休日読物 死んで逝った無名の友人たちの物語 第四話 準公務員だった男編

D君ははたから見ると幸せな人生に見えが、突然謎の死を遂げた。

死んで逝った無名の友人たちの物語 第三話までの3人は大学に行かず、中卒、高卒で働き始めた友人だった。
地元に居たので定期的に飲み会をやっていたグループだった。

これから語る3人の友人は大学受験を前提にした普通高校に進み大学を出てから人生をスタートした。

僕の町には高校がなかった。それで山陰線の汽車に乗って進学校に通った。田舎の汽車は1時間に一本しか走らない。
よって朝と夕方は同じ顔触れで4人掛けの同じ席で通学する。
高校別にどの車両に乗るか、だいたい決まっていた。
これから語るのは同じ汽車の同じボックス席で通学した同じ進学校の友人3人の人生でございます。

4人仲良く通学していたが、その中のリーダー格がD君だった。
両親もしっかりした人で、国鉄に勤めておられて家計は安定していた。
D君の家に集まってトランプゲームなどをやっていた。
それぞれが大学に行って全国に散らばったあとも夏休みや正月に帰省したとき、D君の家に集まって酒盛りをしていた。
母親は息子の友人が来ることを大歓迎して接待してくれた。

このメンバーで高校生のとき列車に乗って九州一周旅行をやった。
D君は国鉄職員の家族なので汽車賃がタダだったわな。

汽車通学で同じ4人掛けボックスで通学した仲良し4人組は大学を出たあと、3人は東京の民間会社に就職した。
D君だけは田舎に戻ってきてお役所の外郭団体に就職した。
僕が東京の会社を辞めて田舎に戻ってきてから、D君とまた付き合い始めた。僕は明日知れぬ自営業で生きていた。
彼は定期的に給料が入る準公務員の身分だった。

あ~あ、田舎に帰郷することになるのなら、東京の民間会社に勤めるのではなく、僕も最初から島根県庁とかお役所の外郭団体に就職しておればよかったな・・・と思うこともありました。
自営業は流通社会が激しく変化していって、殆どの商家が没落していったからでございます。

30歳代初めの頃のことです。D君が小売店をやっていた僕に会いに来た。小さな子供をベビーカーに乗せてやってきた。

「準公務員は生活が保障されていて気楽なものだな」

と僕は思いました。少しだけ話して、忙しかったので

「またあとでゆっくり話そうぜ!今、俺は用事があるんだよ」

と彼に帰ってもらいました。彼はそうかい、とさみしそうに笑って帰って行きました。

その翌日だったと思いますが、D君が死んだと連絡がありました。
なんでやねん? 会ったばかりなのに・・・

D君は山の中の人もあまり通らぬ道路のわきに車を停め、排ガスをホースで車内に充満させて死んでいたのです。彼は死ぬ前に僕に最後の別れの挨拶にきたのでした。

僕は愕然として血の気が引きました。
あのとき、ちゃんと話相手になっていればD君は元気になって死を選ばなかったかもしれない、
僕は自責の念にかられて、3か月間くらい鬱になりました。

あとで皆が噂していたのは、D君は職場のトラブルで悩んだ末に、自ら死を選んだようです。
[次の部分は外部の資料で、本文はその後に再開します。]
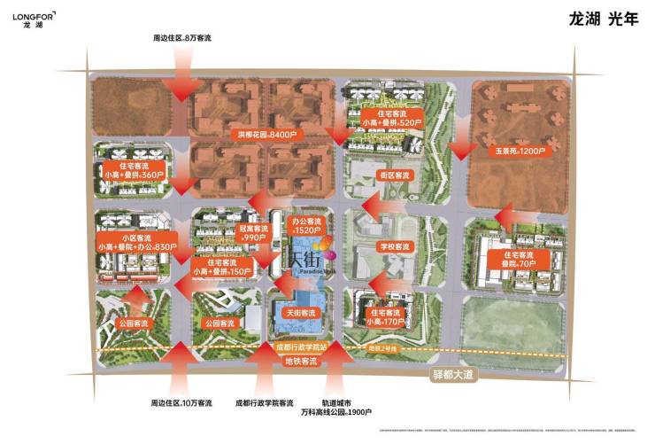 【繁华商业】:以龙湖光年为中心,自持14万方驿都天街,周围绿地468,伊藤洋华堂亚洲旗舰店,华熙528,万科里等商业氛围浓厚。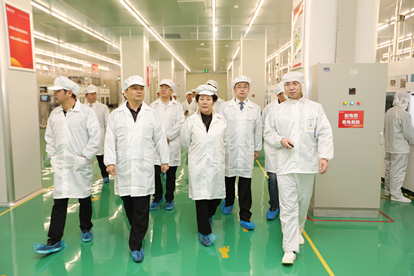 劉漢元主席陪同包瑞玲部長一行參觀S1電池生產車間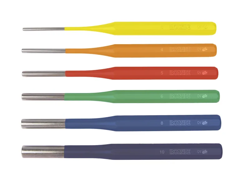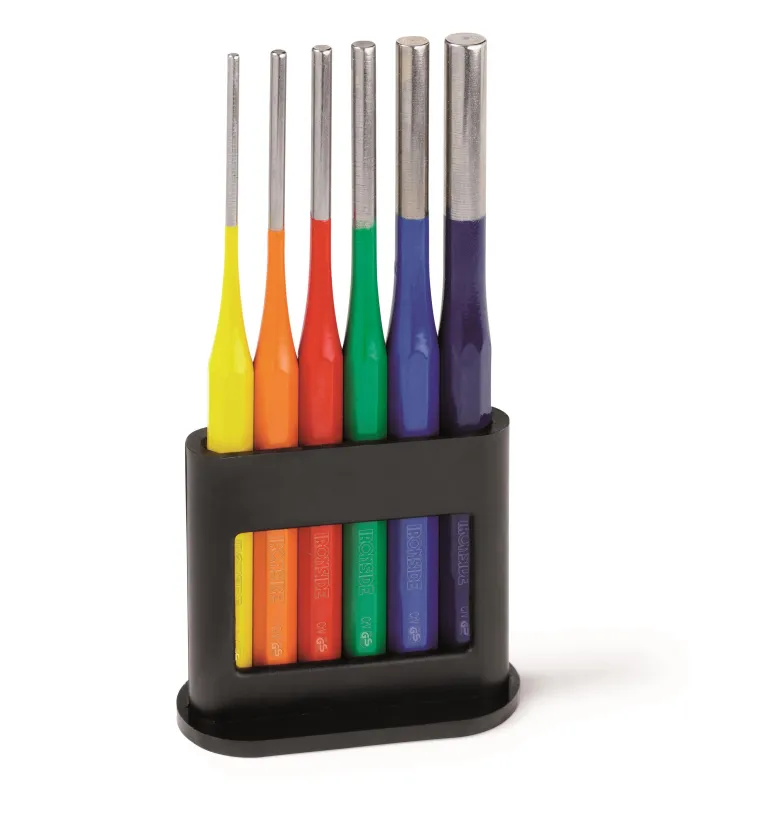 Kromivanadiiniterästä. 59 HRC. Sisältää 6 kpl eri värisiksi maalattuja 150 mm tuurnia, 3, 4, 5, 6, 8, 10 mm. Muovipidike.
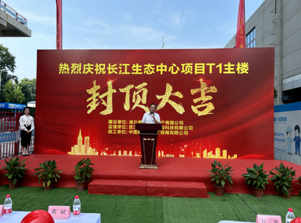 高楼平地起,封顶好吉时。7月26日上午10时,伴随最后一方混凝土浇灌到位,长江生态中心项目主体结构喜封金顶,项目施工取得阶段性胜利,为2024年12月计划竣工交付奠定坚实基础。长江产业集团运营总监杜三湖,长江投开党委书记、董事长黄斌出席封顶仪式。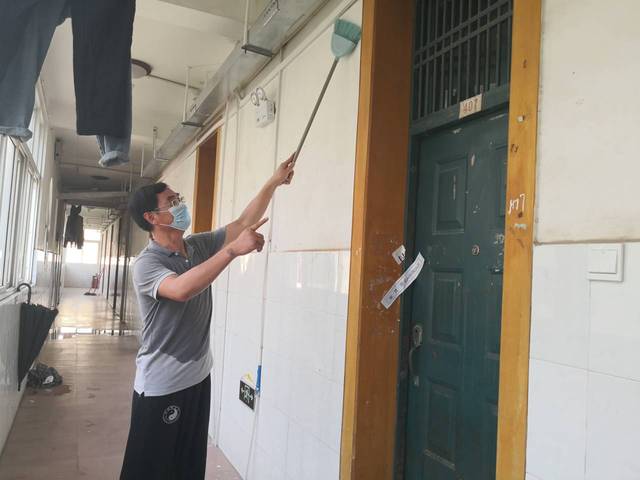 6月18日上午,刚刚结束6月份支部主题党日活动的集中学习,全体党员就由教工支部书记肖潇、刘雯带队,备齐清扫工具,全副武装来到中区1栋4、5层和4栋6层,热情高涨、干劲十足地投入到清扫学生宿舍楼的劳动中。16日下午,行政人员曾经来清扫过一次,但是由于中区宿舍外墙构造与其他宿舍楼不同,玻璃窗特别多,合适的工具准备不足,效果不太理想。“今天的擦玻璃神器还可以!……这个墙壁的瓷砖要先喷湿,用刮刀铲一下污垢,再擦才会更干净……”党总支书记尹德蓉忙碌着给大家示范如何使用工具。“门上的窗户金属框要用干净扫帚把灰先掸下来,灰尘下来了最后再清理地面……”院长黄红发不顾灰尘落了一头一脸,双手举着长杆打扫门框。连宿管阿姨都忍不住拿出手机拍照,夸赞道 “你们准备的真好,做的又仔细,这样清理才真的干净!”窗户明亮了,楼道清爽了,扶手干净了,看着劳动成果,大家疲惫的脸上都露出了欣慰的笑容,为了学生的卫生安全和身体健康,再累也甘愿!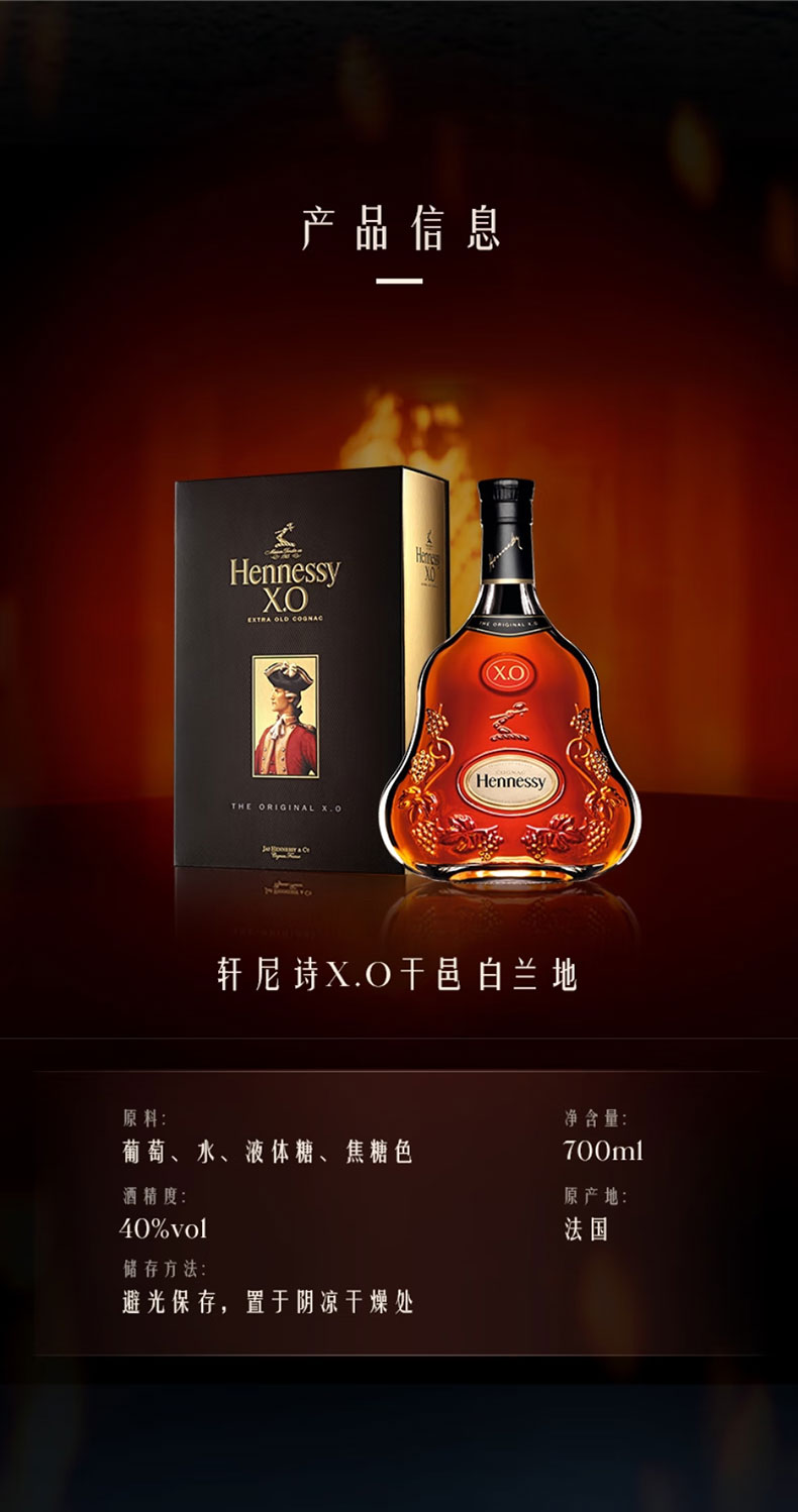 轩尼诗是法国LVMH集团出品。严格遵循传统的酿造工艺。散发着强烈而独特的芳香,醇厚圆润,余味悠长。是商务接待、宴请、礼赠的不二选择。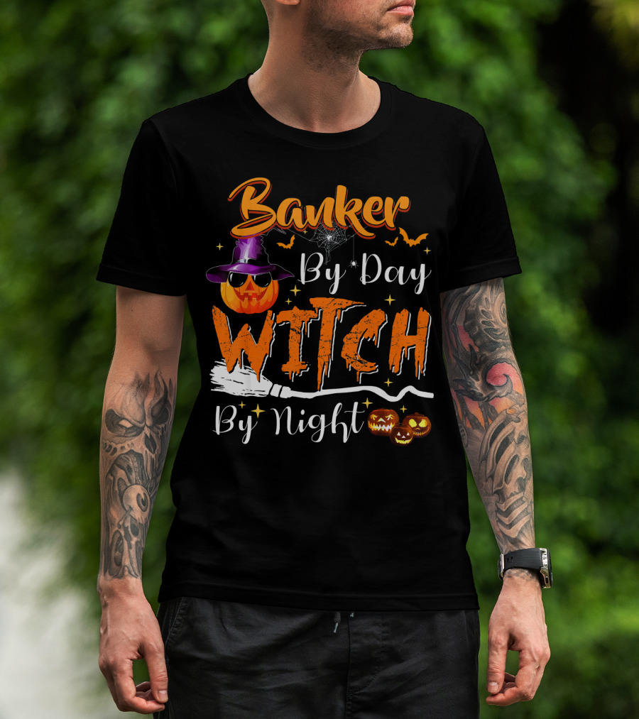 The Banker By Day Witch By Night Halloween Pumpkin Broomstick Bats Spiderweb T-shirt is designed for everyday wear and a consistent fit. Fabric is pre-shrunk ring-spun cotton with durable stitching. See the size chart below for exact measurements.

死ぬほどつらいトラブルがあるのなら、退職して別の場所で生きればいいのに。
自営業で自由に生きているから、そういう発想になれるが公務員的な世界にいるとこの場所以外に生きる場所がないと思いつめるのかもしれません。

安定していて楽(らく)そうに見える職場に就職したD君が僕の親友たちの中で一番早くあの世に旅立ちました。D君は70歳の坂どころか、40歳の坂も越えられませんでした。